Return on Investment 3
Sharks tickets are expensive and the organization uses dynamic pricing (prices are based on market demand). I looked at their website and one seat was open in the second level for $58. OK, I thought, I can purchase that at the venue when I arrive and reduce the online ordering service fees. I checked the same seat two weeks later, it was up to $75. Not happy.
<Beginning the 2016 season, the Sharks organization decided pocket schedules would not be offered. I was told I have to download “the app” to get that information. This is a huge disappointment as pocket schedules make great souvenirs and just holding one in your hand helps visualize and plan additional games to attend and it helps remember the game attended.
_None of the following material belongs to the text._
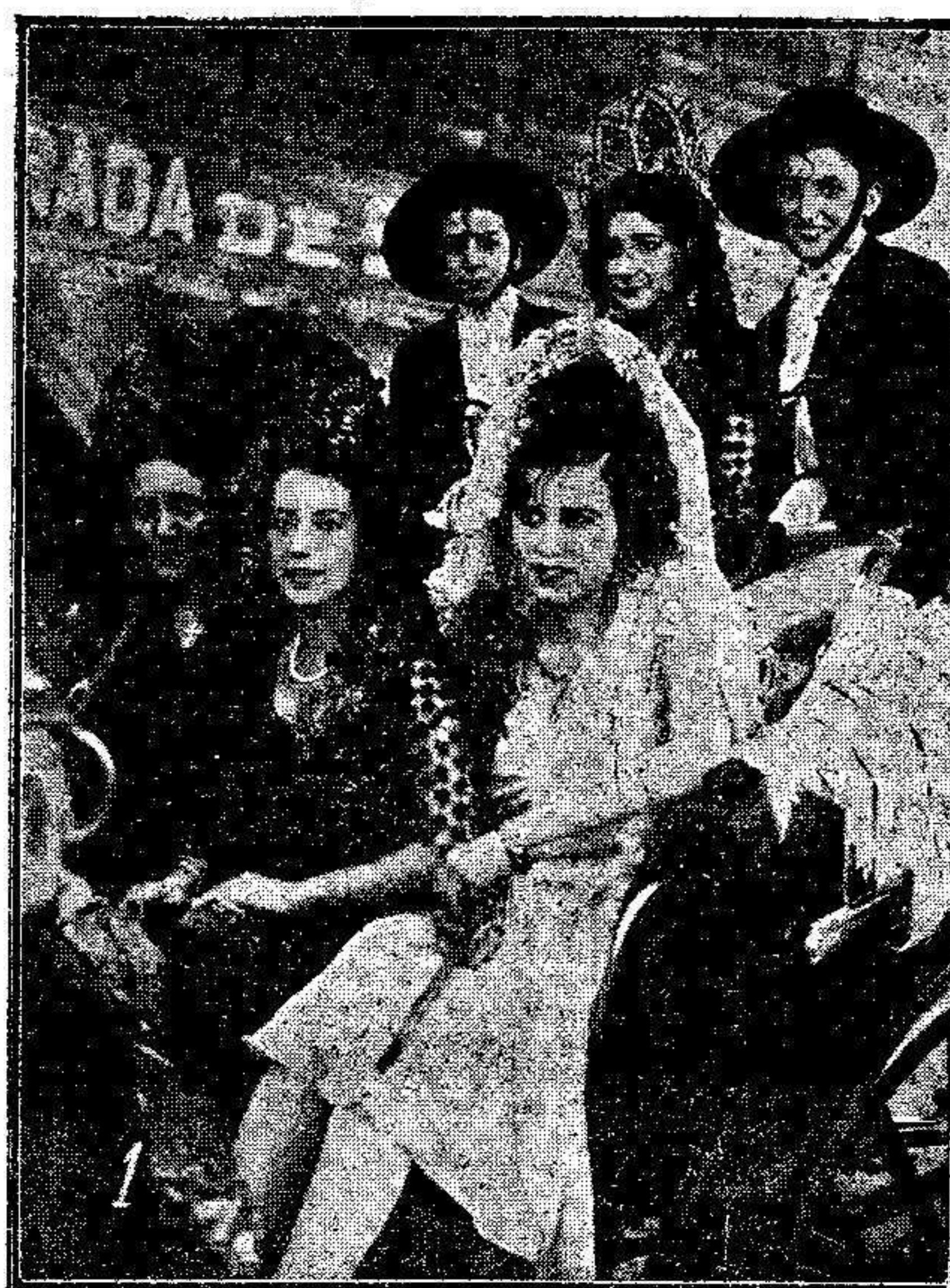
LA CORRIDA A BENEFICIO DE LA CRUZ ROJA Las bellas señoritas de Pozas, Herranz, Pineda, Pavón y Fortea, que presidieron la corrida, al dirigirse a la plaza.

le pasearía enjaulado de pueblo en pueblo y se le motejaría de loco inoportuno hablando al pueblo de libertad en lugar de acomodarse gustosamente en un rincón del presupuesto y cobrar y vivir?

Food and drink prices are high as well. Public transportation can reduce the cost of parking.
However, attending a Sharks game is an extremely entertaining, high-energy, fan-participative event and is worth several visits.
Doubleheaders – kudos to a venue who provides sports travelers the ability to see ‘multiple sporting events’ over a weekend.
Organ music – often overlooked but having the sound of an organ is reminiscent of earlier times of hockey.
Downtown – San Jose has a nice downtown area and the SAP Center is in the midst of that area so making a trip to the venue also allows a fan to check out the city easily.
If you haven’t yet been, I recommend attending a Sharks game. If you haven’t been in a while, it may be time to revisit. If I lived in the area, I’d most certainly be a Sharks fan.